Infrastructure has risen up the political agenda and its role in enabling long-term prosperity has rightly been central to the UK’s economic policy.

The establishment of Treasury body Infrastructure UK (IUK) has made the government up its game in supporting delivery and the National Infrastructure Plan (NIP) has highlighted the investment potential of the UK’s infrastructure market.

Unfortunately, despite these efforts, the long-term strategic case for infrastructure still requires attention, the evidence base behind projects is often easily contestable, there is no authoritative method for evaluating the performance of our networks and public engagement around projects is often reactive and parochial.

Cutting across these weaknesses is the mismatch between the long-term nature of strategic infrastructure planning and short-term political cycles.  And the need to identify a way to deal with the negative consequences is growing more pressing.

This does not mean removing the politics from decisions on infrastructure as this is neither possible nor desirable. Instead it means establishing a mechanism to help political parties build consensus about the UK’s infrastructure needs – importantly one with public engagement at its heart to foster links between the users and the providers of infrastructure.

The most high profile alternative to the status quo is the proposal for a National Infrastructure Commission by Sir John Armitt, sponsored by the Labour Party. 

Armitt has produced a valuable contribution to the infrastructure debate.

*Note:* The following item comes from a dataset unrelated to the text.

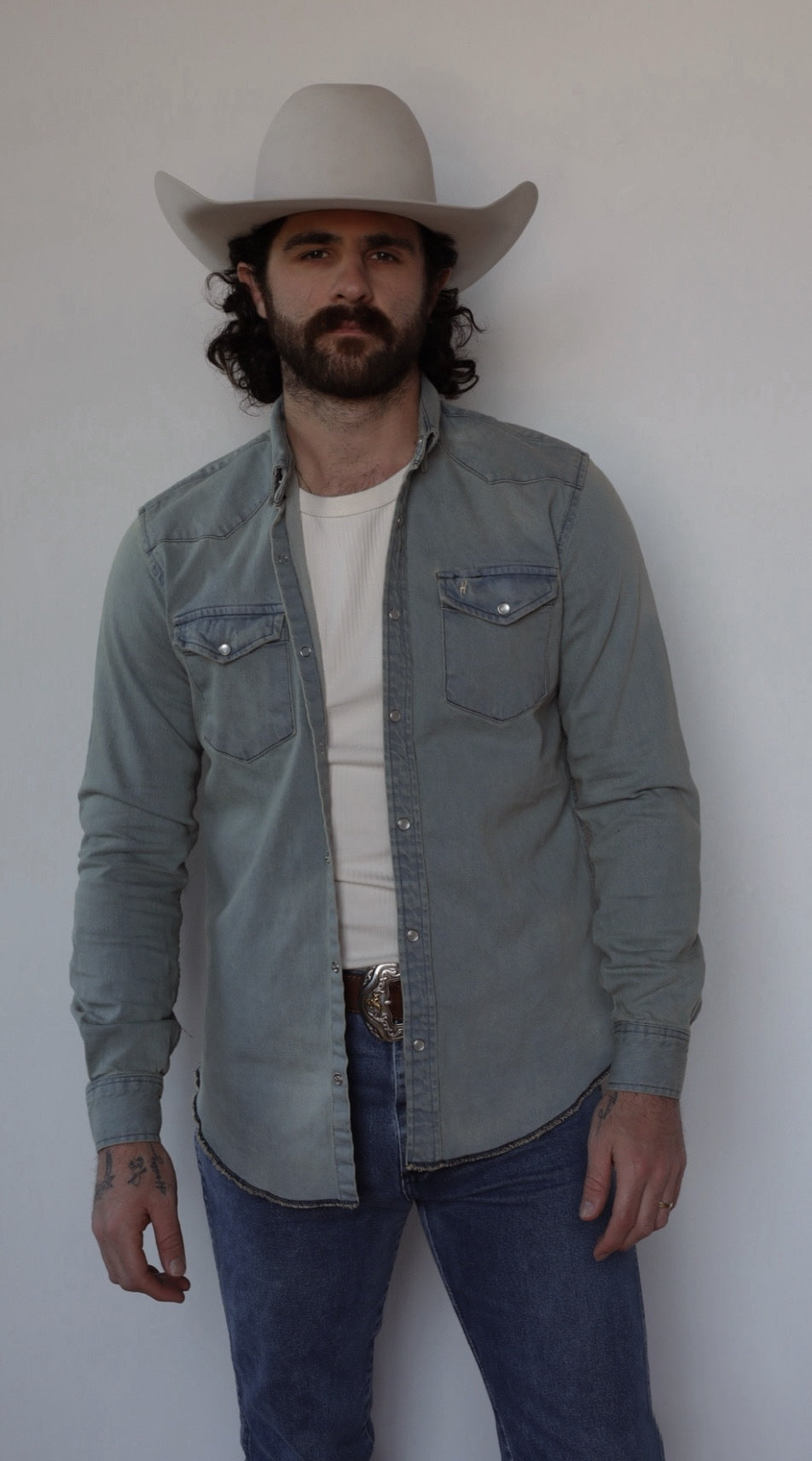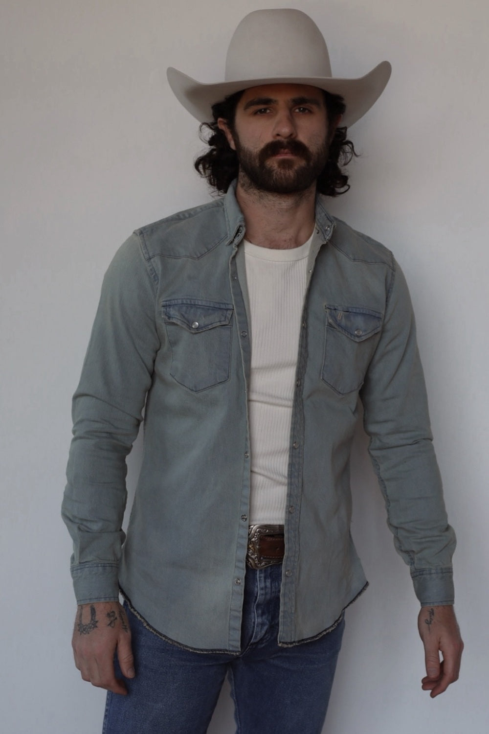 독점적인 기능- 진정한 테일러링, 평평한 솔기, 단일 바늘 스티칭, 새롭고 현대적인 실루엣, 시그니처 스냅 다운 칼라, 싱글 포인트 프론트 포켓 및 뒷면의 싱글 포인트 요크. 라운드 진주 스냅, 밑단의 해어진 밑단, 밑단의 빈티지 디테일.

The ICE concurs with his analysis of what is stifling UK infrastructure development - and on the need for an evidence based strategy, a plan that translates this to activity on the ground, and an independent body locked in by legislation.

In our response to the Armitt Review, we have, however, proposed that these goals be achieved by building on existing arrangements – in particular restructuring IUK as a non-governmental body.

A restructured body could be operational more quickly than an entirely new body, and avoid losing the momentum generated in recent years. It would also reduce uncertainty, which would shake investor confidence. It is a solution derived through consultation with industry leaders and which we have shared with all main political parties.

Our proposal would result in an independent body established through an Act of Parliament. It would perform four main functions.

The first would be to establish a long-term, evidence based strategy for infrastructure, drawing on up-to-date data and scenarios – for example population growth, climate change risk assessments, Met Office simulations of changing weather patterns.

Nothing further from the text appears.